Pizzo a commercianti e piazze di spaccio: 5 arresti nel Napoletano

Sono finiti in carcere 5 soggetti ritenuti affiliati al clan "Rea-Veneruso", attivo tra Casalnuovo e Volla

Si presentavano come appartenenti al clan e pretendevano il pizzo dai commercianti. Ma c’è chi si è ribellato alle loro richieste estorsive e li ha denunciati. All’alba di oggi è scattato il blitz dei carabinieri che ha portato alla cattura di cinque soggetti ritenuti affiliati e contigui al clan “Rea-Veneruso”, gruppo camorristico attivo nel Napoletano, tra i comuni di Volla e Casalnuovo. I militari dell’Arma hanno dato esecuzione a un’ordinanza di custodia cautelare in carcere emessa dal Giudice per le indagini preliminari del Tribunale di Napoli, su richiesta della locale Direzione Distrettuale Antimafia.

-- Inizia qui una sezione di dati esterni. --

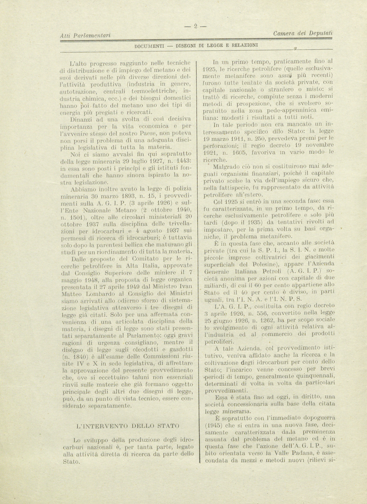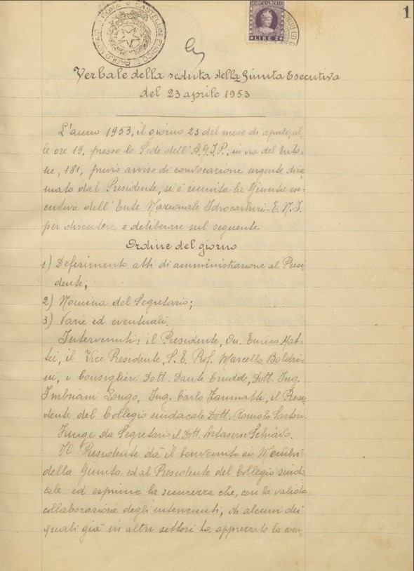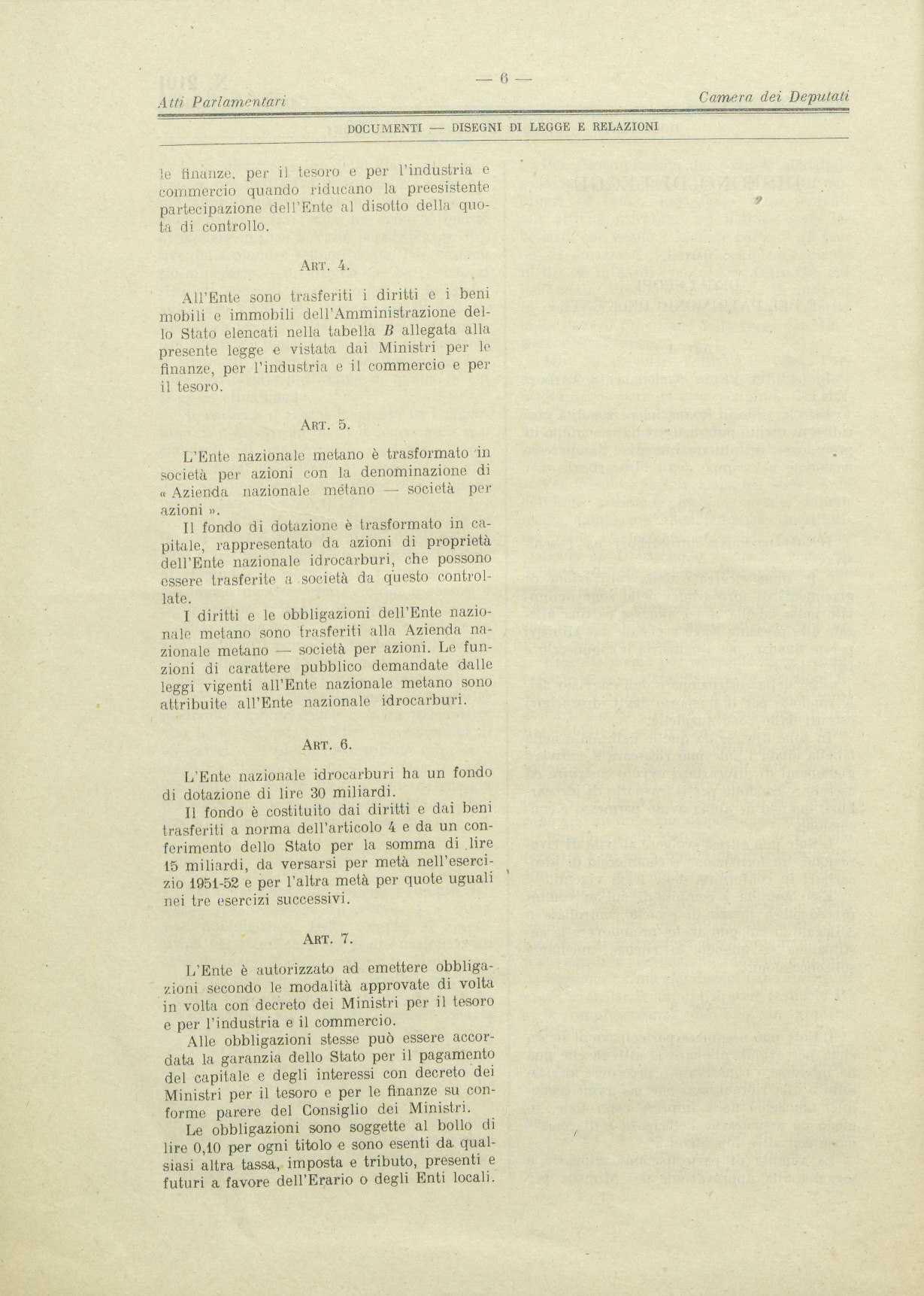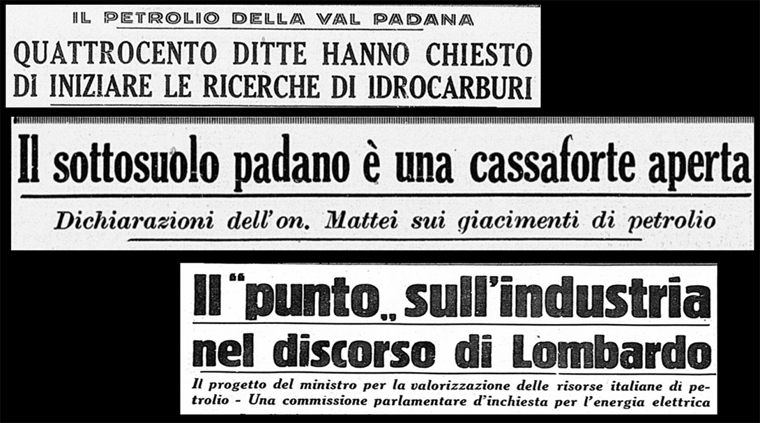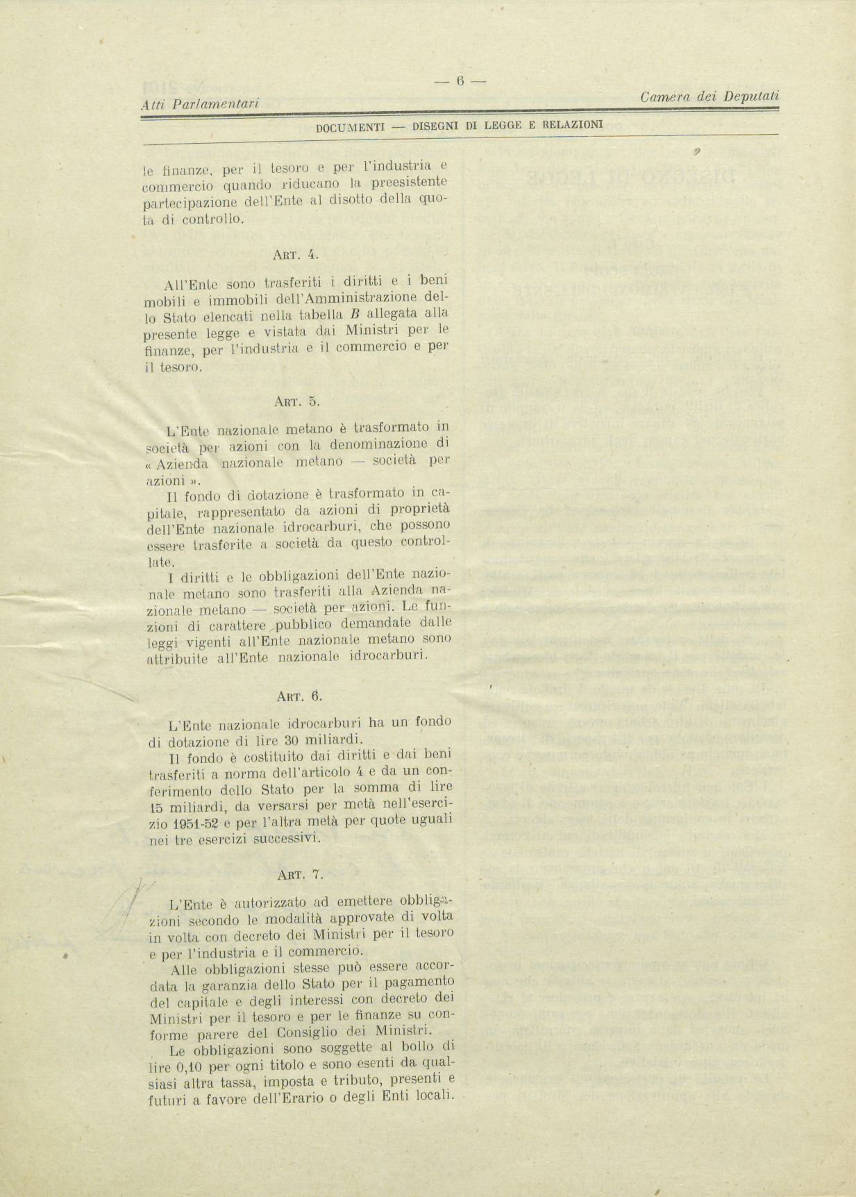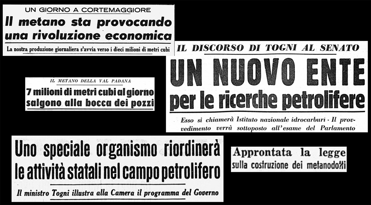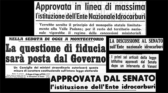 The debate on the management of Italy's subsoil resources was forcefully launched with the nationalization of the Agip reservoirs in the Po Valley since 1949. The interest in hydrocarbons was more than controversial, embedded in a framework of great involvement and strong political and social contrasts. From sensational launches to the release of parliamentary proceedings on a new law regulating energy matters, the press follows the civil debates that are divergent on major issues: public management or free enterprise, domestic or foreign funding, nature and extent of concessions. The proclamation of Law No. 136 of February 10th, 1953, set off the public monopoly in the Po Valley, leaving the remaining national territory under concession arrangements.

Gli indagati sono ritenuti responsabili a vario titolo di estorsione e tentata estorsione aggravata dal metodo mafioso. Servizi di osservazione, pedinamento e controllo, individuazioni fotografiche e l’escussione di persone informate sui fatti hanno permesso di documentare le condotte criminose. Le indagini, eseguite dai carabinieri del Nucleo investigativo di Castello di Cisterna sotto il coordinamento della Dda partenopea, hanno consentito di accertare che gli arrestati non esigevano il pizzo solo dai commercianti. Per affermare il controllo del territorio, volevano imporre la tangente anche sulle attività di spaccio di sostanze stupefacenti.